Overview. There are five main steps to train a SOM iteratively:
- Initialize the weights of the SOM nodes. This can either be done randomly, or particular starting weights can be chosen so that they are spread out efficiently across all possible input values (which JMP does).
- Choose a random data point from your data set.
- Calculate which Node the data point is closest to. We can do this by calculating the distance between our data point and each node weight. The node that is the closest is called the Best Matching Unit (BMU for short).
- Once we know the BMU, we calculate which nodes are in the neighborhood of the BMU. In other words, which nodes are sufficiently close in the map to the BMU.
- We update the weight of the BMU and all of its neighbors so that their weights are more similar to our data point. Essentially, we’re making our clusters fit better with our data. Nodes that are further from the BMU are changed less than nodes near to the BMU (and the BMU itself).
We repeat steps 2-5 until we’ve reached our maximum number of iterations, or our node weights stop changing.
In Depth. Let’s take a deeper look at steps 3-5 to understand what’s going on more intuitively.
Before we start, don’t let the math keep you from reading this section. I’m going to show you formulas, but it’s OK if you don’t understand all the math, as long as you know the general idea behind why we use this math.

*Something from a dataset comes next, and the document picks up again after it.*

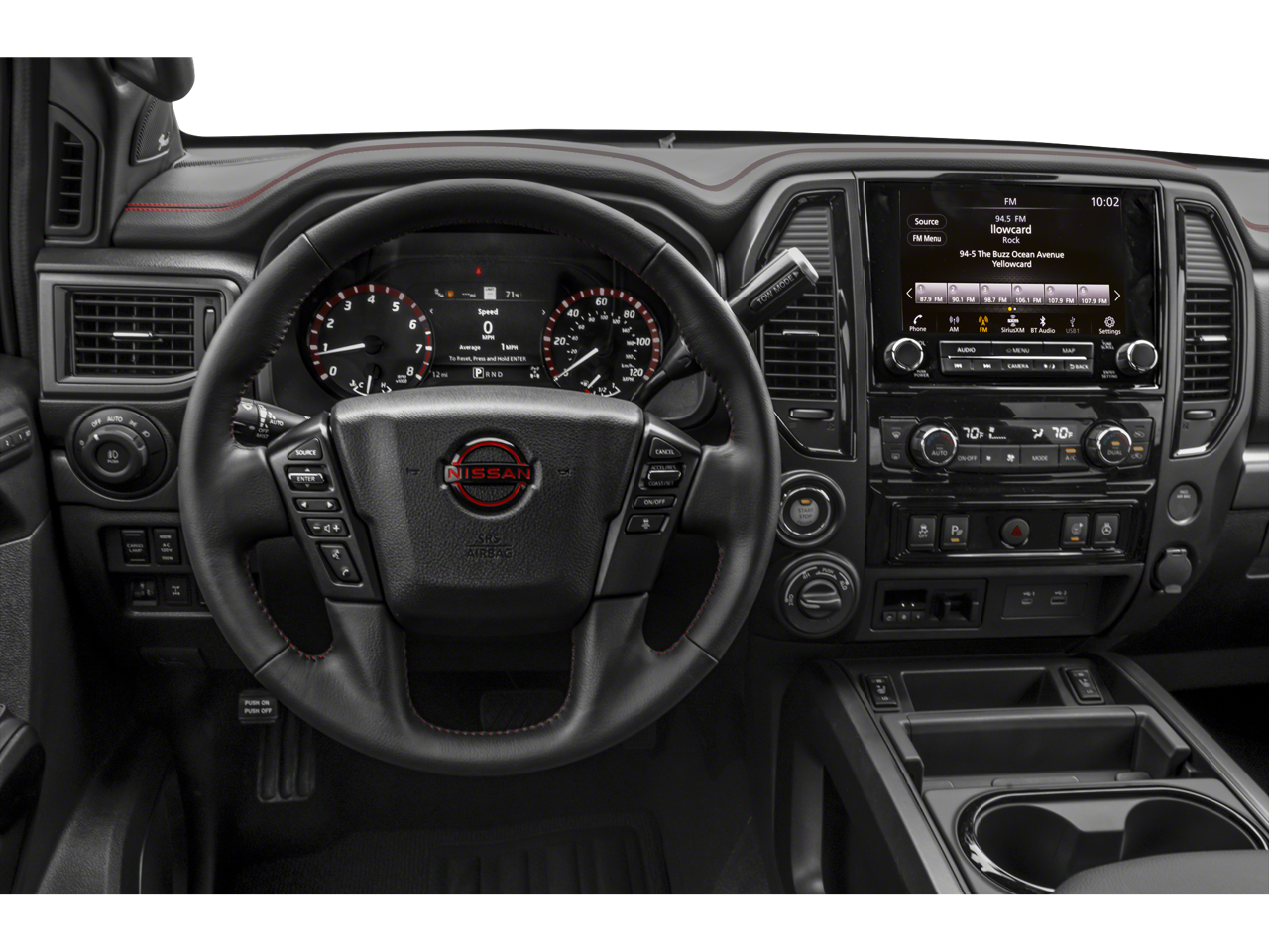 - Radio: NissanConnect w/Navigation -inc: 9" touchscreen display, 6 speakers, wireless Apple CarPlay, Android Auto, SiriusXM radio, Nissan door to door navigation w/3D building graphics and satellite imagery, connected navigation features including online POI search, over-the-air map updates and online premium traffic information, SiriusXM Traffic, SiriusXM Travel Link w/weather, fuel prices, movie listings, stock info, sports and parking, TomTom weather, Wi-Fi hotspot, follow me home function, 2 illuminated USB connections (1 type A, 1 type C), 2 USB-A charge only ports, Bluetooth® hands-free phone system, streaming audio via Bluetooth® and hands-free text messaging assistant

Finding the BMU. There are many ways you can calculate the distance between two n-dimensional vectors; commonly with SOMs, you may see measures like Euclidean Distance or Cosine Distance.
In this case, we’re going to use the Euclidean distance. To calculate the BMU, we calculate the Euclidean distance between our selected data vector and each of the weight vectors for our nodes. The BMU has the smallest distance.
Calculating neighborhoods. Updating multiple nodes/cluster centers separates SOMs from simpler methods like K-Means. Not only will we change the weight of our BMU to be closer to the data vector, but we’re also going to change nodes that we think are sufficiently close to the BMU.
Nodes are considered in a BMU’s neighborhood if they’re within a certain radius of the BMU. In other words, if a node is inside a circle with radius, r, centered at the BMU, it’s considered a neighbor.
At first, we want to use a large-ish neighborhood and change many nodes. But, as time goes on, we want our neighborhoods to get smaller so we can do some more “fine-tuning” of our SOM. Think about how, when sanding something, we often start with large grit sandpaper and work our way down to finer grit sandpaper.
Mathematically, we can achieve this by using a formula for our neighborhood radius, r, that depends on time and gets smaller as we continue to train our SOM. Eventually, the neighborhood will be so small, it will only contain the BMU.
Updating node weights. Once we know which node weights we want to update, we calculate how much to change them. The weights of nodes closest to the BMU will change the *most*, and the nodes that are on the very edge of our neighborhood will change very little. But all node weights will be pulled closer to the current data vector.
We do so using this formula (don’t worry, I’ll walk you through the different parts in a moment):
The W’s represent the node weight. W(t+1) is our updated weight, W(t) is our current weight. If we simplify the latter part of the right-hand side for a moment, we can see that the new, updated weight is our old weight multiplied by some adjustment.
(V(t) - W(t)) is the distance between our data vector, and the current node weight. This shows that our adjustment is going to depend on how far apart the data vector and node are.
L(t) is the learning rate. Just like our neighborhood function (actually EXACTLY like our neighborhood radius function…), our learning rate starts out at a relatively large value, , and gets smaller over time (the exponential part does that for us.)
When we first start training our SOM, our learning rate is high, but over time we want our node weights to be more stable, so we decrease our learning rate.
Not only is the learning rate decreasing over time, but the change to our node weights is also decreasing as the node gets further from our BMU. is a Gaussian kernel, which mathematically represents this decay. (dist is the distance between the node we’re changing and the BMU in the map.)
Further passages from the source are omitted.